Exercise: Your task is to copy the stretch of lines in the records below that begins with the line containing "- For the last" and ends with the line containing "Apple AirPods Pro", exactly as written, with nothing added.
*** Opening of Recorded data ***
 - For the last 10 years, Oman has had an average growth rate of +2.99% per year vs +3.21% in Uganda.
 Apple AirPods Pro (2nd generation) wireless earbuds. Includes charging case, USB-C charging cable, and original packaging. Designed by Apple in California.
*** Close of Recorded data ***
*** Opening of Recorded data ***
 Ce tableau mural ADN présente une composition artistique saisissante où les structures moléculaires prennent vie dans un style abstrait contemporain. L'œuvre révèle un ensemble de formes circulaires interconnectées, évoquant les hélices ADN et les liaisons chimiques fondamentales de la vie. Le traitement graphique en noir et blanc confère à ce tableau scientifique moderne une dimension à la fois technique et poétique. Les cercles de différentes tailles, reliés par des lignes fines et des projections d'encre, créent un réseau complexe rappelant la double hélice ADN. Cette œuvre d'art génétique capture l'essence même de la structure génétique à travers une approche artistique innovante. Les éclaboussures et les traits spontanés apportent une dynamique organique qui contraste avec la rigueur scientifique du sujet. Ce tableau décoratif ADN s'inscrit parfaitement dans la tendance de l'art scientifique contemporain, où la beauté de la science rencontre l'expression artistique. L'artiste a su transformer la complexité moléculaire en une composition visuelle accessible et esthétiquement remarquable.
*** Close of Recorded data ***
Written reply:
 - For the last 10 years, Oman has had an average growth rate of +2.99% per year vs +3.21% in Uganda.
 Apple AirPods Pro (2nd generation) wireless earbuds. Includes charging case, USB-C charging cable, and original packaging. Designed by Apple in California.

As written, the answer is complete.